Freeform Contact Lens Solution for Myopia

This application is a continuation of U.S. patent application Ser. No. 17/641,089, filed on Mar. 7, 2022, which is a 35 U.S.C. § 371 national stage application of PCT International Application No. PCT/AU2020/051006, filed on Sep. 23, 2020, which claims priority to Australian Provisional Application No. 2019903582, filed on Sep. 25, 2019, and Australian Provisional Application No. 2020900414, filed on Feb. 14, 2020, which are hereby incorporated by reference in their entirety.

The present disclosure generally relates to contact lenses for use with eyes experiencing eye-length related disorders, like myopia. This invention relates to a contact lens for managing myopia wherein the contact lens comprises of an optical zone about an optical axis; and a non-optical peripheral carrier zone about the optical zone; wherein the optical zone is configured with a substantially single vision power profile providing a substantial correction for the eye, and a decentred second region configured with an astigmatic, or toric, or asymmetric power distribution, the second region located substantially away from the optical centre and configured to provide at least in part directional cues in form of a regional conoid or interval of Sturm producing an optical stop signal on the retina; and wherein the non-optical peripheral carrier zone is configured with a thickness profile that is substantially rotationally symmetric to further provide temporally and spatially varying stop signals to decelerate, ameliorate, control, inhibit, or reduce the rate of myopia progression over time.

Human eyes are hyperopic at birth, where the length of the eyeball is too short for the total optical power of the eye. As the person ages from childhood to adulthood, the eyeball continues to grow until the eye's refractive state stabilises. The growth of the eye is understood to be controlled by a feedback mechanism and regulated predominantly by the visual experience, to match the eye's optics with the eye length and maintain homeostasis. This process is referred to as emmetropisation.

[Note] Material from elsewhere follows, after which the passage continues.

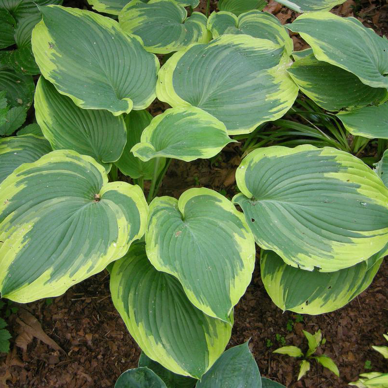 Хоста гибридная сорта Эс Энджел позволит вырастить достаточно крупное многолетнее растение, которое обладает раскидистыми двухцветными листьями. Кусты не плодоносят, но используются для создания необычных композиций в ландшафтном дизайне. В среднем, высота кустарника составляет 40 см и метр в ширину. Листья имеют очень необычную и неравномерную окраску. На них гармонично сочетаются темно-зеленый и светло-зеленый оттенки. В период цветения на побегах появляются крупные цветки похожие на колокольчики, светло-фиолетовой окраски. Без необходимости пересадки, Хоста гибридная Эс Энджел может расти на одном месте до 20 лет.

The signals that guide the emmetropisation process are initiated by the modulation of light energy received at the retina. The retinal image characteristics are monitored by a biological process that modulates the signal to start or stop, accelerate, or slow eye growth. This process coordinates between the optics and the eyeball length to achieve or maintain emmetropia. Derailing from this emmetropisation process results in refractive disorders like myopia.

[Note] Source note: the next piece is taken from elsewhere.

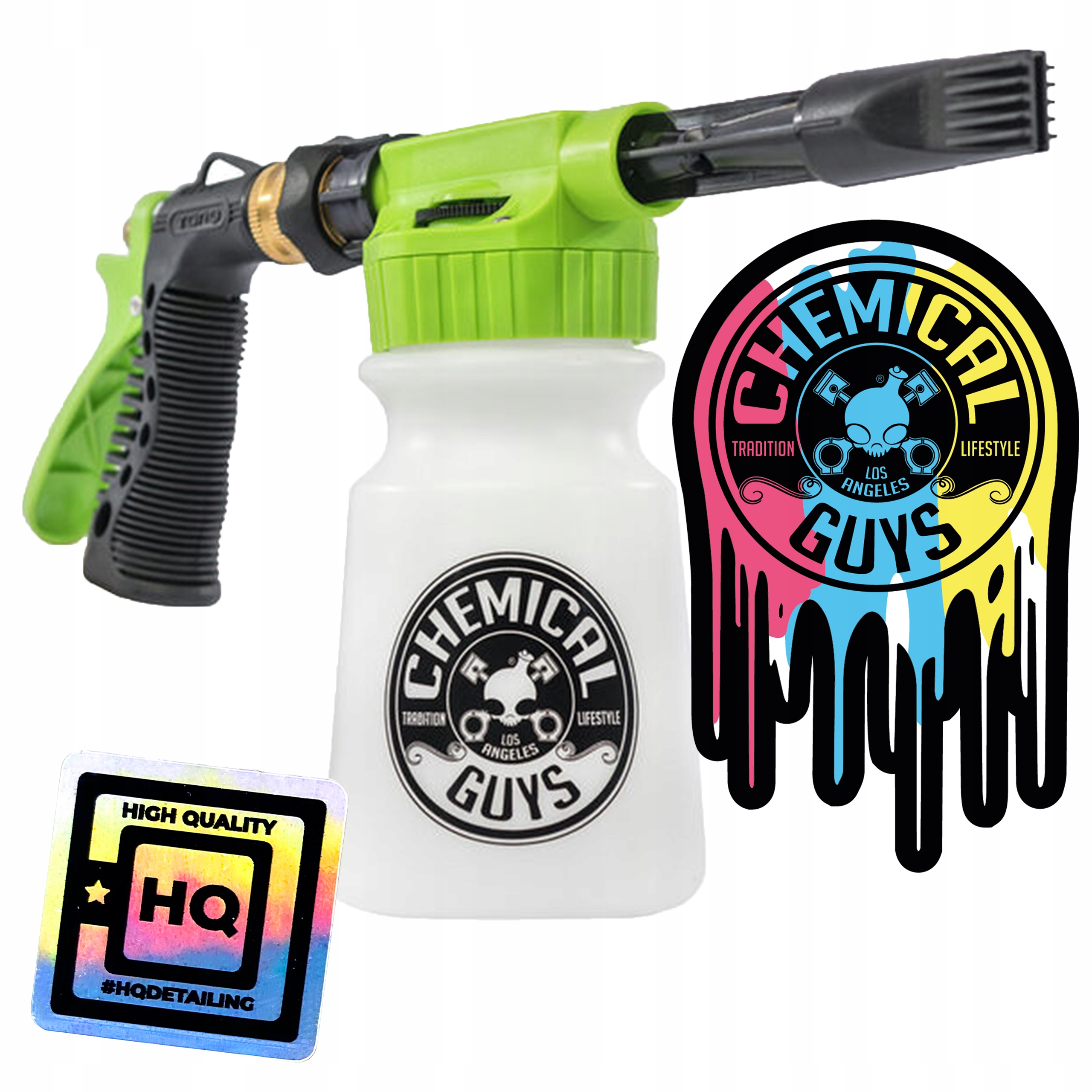 - 1 шт. CHEMICAL GUYS TORQ FOAM BLASTER 6- це пінний пістолет, підключений до садового шлангу. Вам не обов’язково мати дорогу мийку високого тиску! Просто приєднайте піноструйник до садового шланга, поверніть ручку, і піна вилетить і покриє вашу машину!

The rate of incidence of myopia is increasing at alarming rates in many regions of the world, particularly in the East Asia region. In myopic individuals, the axial length of the eye is mismatched to the overall power of the eye, leading to distant objects being focussed in front of the retina.

A simple pair of negative single vision lenses can correct myopia. While such devices can optically correct the refractive error associated with eye-length, they do not address the underlying cause of the excessive eye growth in myopia progression.

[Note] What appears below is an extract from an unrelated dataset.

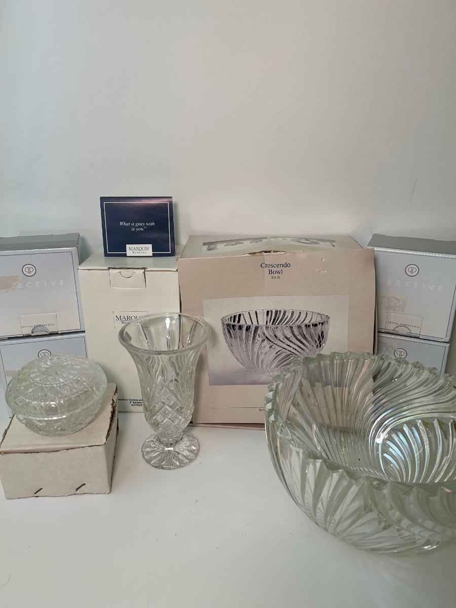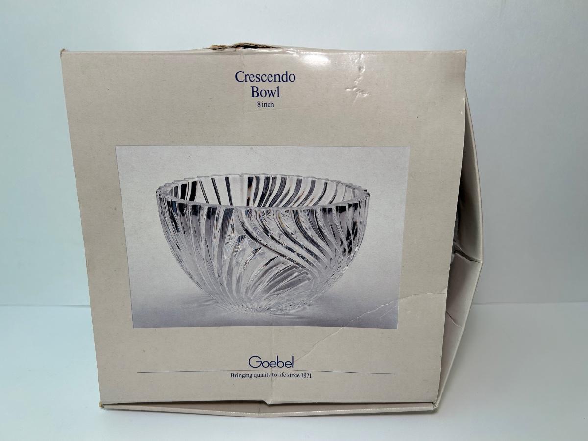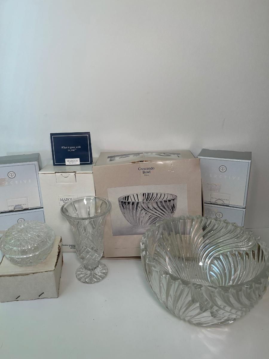 Marquis Waterford Crystal festive celebration vase, Goebel Crescendo 8 inch bowl, Perceive crystal keepsake box and more. Items include original boxes.

Excessive eye-length in high degrees of myopia is associated with significant vision-threatening conditions like cataract, glaucoma, myopic maculopathy, and retinal detachment. Thus, there remains a need for specific optical devices for such individuals, that not only correct the underlying refractive error but also prevent excessive eye lengthening or progression of myopia substantially consistent over time.

To date, numerous contact lens optical designs have been proposed to control the rate of eye growth, i.e. myopia progression. The following prior art is incorporated by reference. Collins et al in the U.S. Pat. No. 6,045,578 proposed the addition of positive spherical aberration at the foveal plane to provide a stimulus to control the rate of myopia progression. Aller in the U.S. Pat. No. 6,752,499 proposed the use of bifocal contact lenses for myopic participants who exhibit near-point esophoria. Smith et al in the U.S. Pat. No. 7,025,460 proposed the use of lenses that shift the peripheral image shell in front of the peripheral retina.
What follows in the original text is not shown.